Exercise details:
Word for word, restate the lines from the one holding "中国现代文学馆前馆长舒乙曾经" through the last line of the material below, and leave every picture out.

——————————

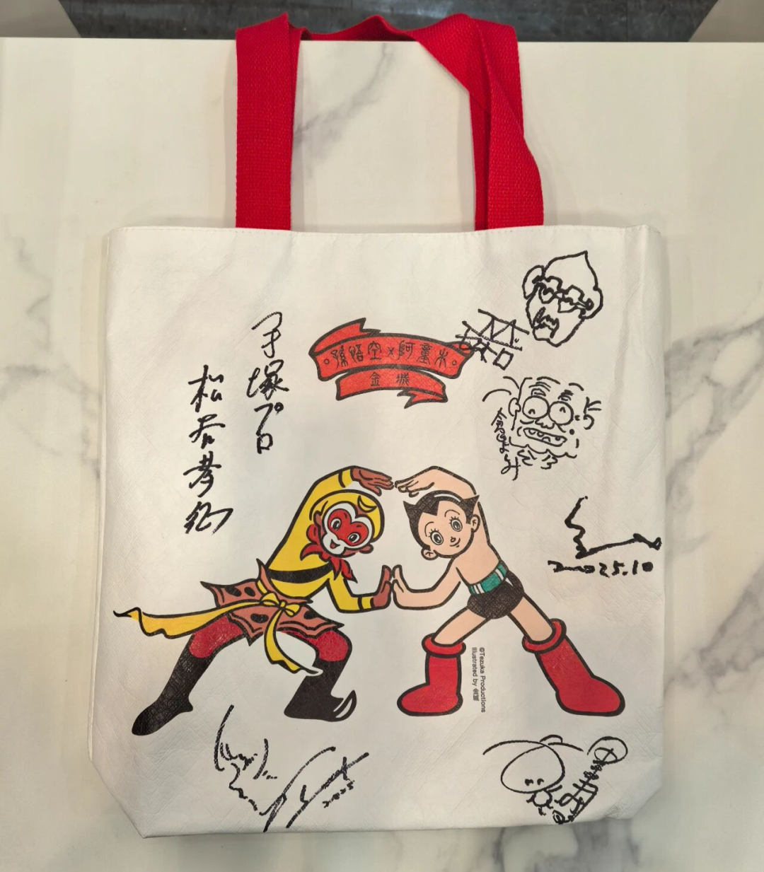 中日动漫情谊在秋日的东京不断升温,秋叶原的观众们被中日动漫经典与当代潮玩吸引着,活动现场的中日艺术家们则不约而同在印有展览主视觉的伴手袋上留下亲笔签绘。
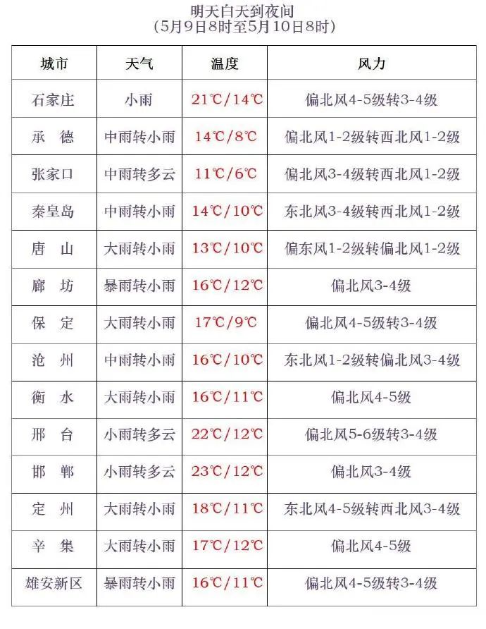明天白天,全省陰,張家口、承德北部、石家莊西部、邢台西部、邯鄲西部有小到中雨,其中壩上地區和張家口南部高海拔山區有中到大雪,局地有暴雪;其他地區有中到大雨,其中保定、雄安新區、廊坊、滄州西部局地有暴雨,降雨時局地伴有雷電、短時強降水、短時大風等強對流天氣。
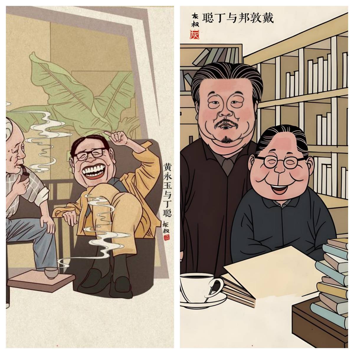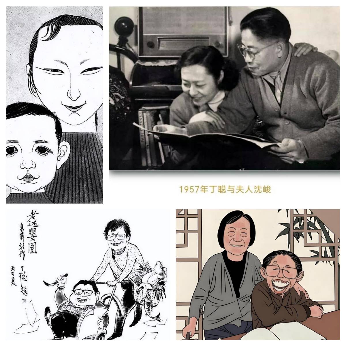 中国现代文学馆前馆长舒乙曾经问他给哪位作家的作品画插图最多,丁聪毫不犹豫地说:“给你爸爸(老舍)。”然后他像说相声的绕口令似的说,自己是“老给老舍画画的老画家”。
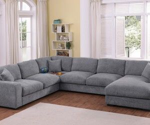 Trey 115"W Gray Chenille Sectional Sofa with Adjustable Backrest, Charging Ports, Pockets, Tufting, Storage Ottoman, Throw Pillows$1,379Coachella, CA
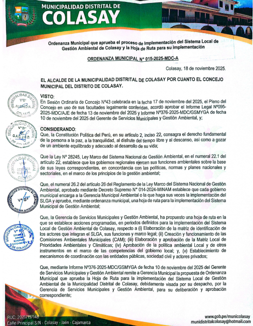 ORDENANZA MUNICIPAL QUE APRUEBA EL PROCESO DE IMPLEMENTACIÓN DEL SISTEMA REGIONAL DE GESTION AMBIENTAL DEL DISTRITO DE COLASAY -JAEN Y LA HOJA DE RUTA
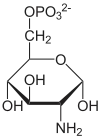 La glucosamine-6-phosphate est un composé organophosphoré important du métabolisme cellulaire. Elle est synthétisée par la glucosamine-6-phosphate désaminase à partir de fructose-6-phosphate et de glutamine, et est le précurseur des biosynthèses des osamines.
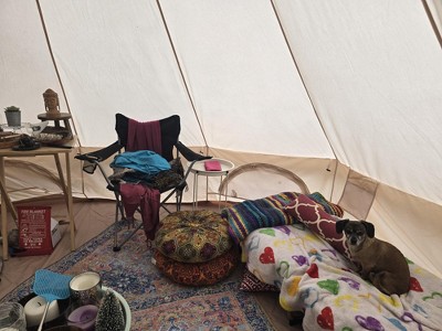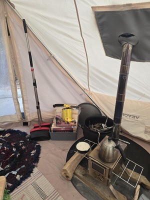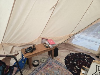 Its easier to put up with 2 people but manageable alone if patient enough; nice and roomy for luxury camping! So far she's done great in rain, wind, and heat. I put a tent stove in and have kept cozy in 27* !!! its big enough that I put a cot, 2 chairs a bench for sitting to remove shoes near the door 3 tray tables and the stove with room to maneuver inside and this is just the 13 ft yurt! Super happy with my purchase!!
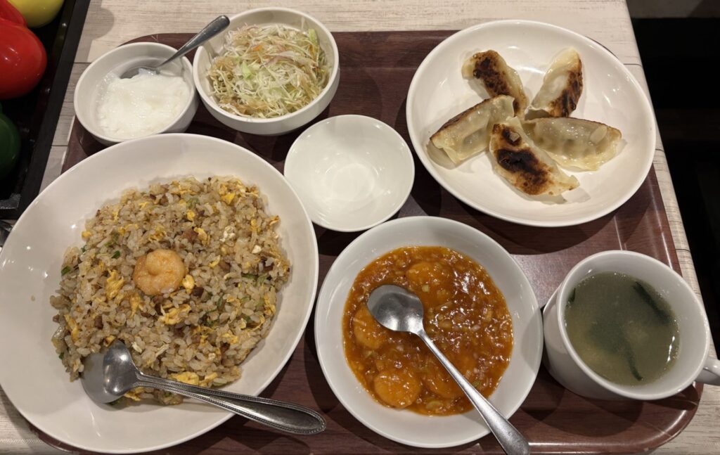 一方の五目チャーハンセットは、チャーハンにギョーザ、エビチリ、スープ、サラダ、杏仁豆腐が付いて1,300円。こちらも満足度の高い内容で、コスパの良さを実感しました。

——————————

Task response:
 中国现代文学馆前馆长舒乙曾经问他给哪位作家的作品画插图最多,丁聪毫不犹豫地说:“给你爸爸(老舍)。”然后他像说相声的绕口令似的说,自己是“老给老舍画画的老画家”。
 Trey 115"W Gray Chenille Sectional Sofa with Adjustable Backrest, Charging Ports, Pockets, Tufting, Storage Ottoman, Throw Pillows$1,379Coachella, CA
 ORDENANZA MUNICIPAL QUE APRUEBA EL PROCESO DE IMPLEMENTACIÓN DEL SISTEMA REGIONAL DE GESTION AMBIENTAL DEL DISTRITO DE COLASAY -JAEN Y LA HOJA DE RUTA
 La glucosamine-6-phosphate est un composé organophosphoré important du métabolisme cellulaire. Elle est synthétisée par la glucosamine-6-phosphate désaminase à partir de fructose-6-phosphate et de glutamine, et est le précurseur des biosynthèses des osamines.
 Its easier to put up with 2 people but manageable alone if patient enough; nice and roomy for luxury camping! So far she's done great in rain, wind, and heat. I put a tent stove in and have kept cozy in 27* !!! its big enough that I put a cot, 2 chairs a bench for sitting to remove shoes near the door 3 tray tables and the stove with room to maneuver inside and this is just the 13 ft yurt! Super happy with my purchase!!
 一方の五目チャーハンセットは、チャーハンにギョーザ、エビチリ、スープ、サラダ、杏仁豆腐が付いて1,300円。こちらも満足度の高い内容で、コスパの良さを実感しました。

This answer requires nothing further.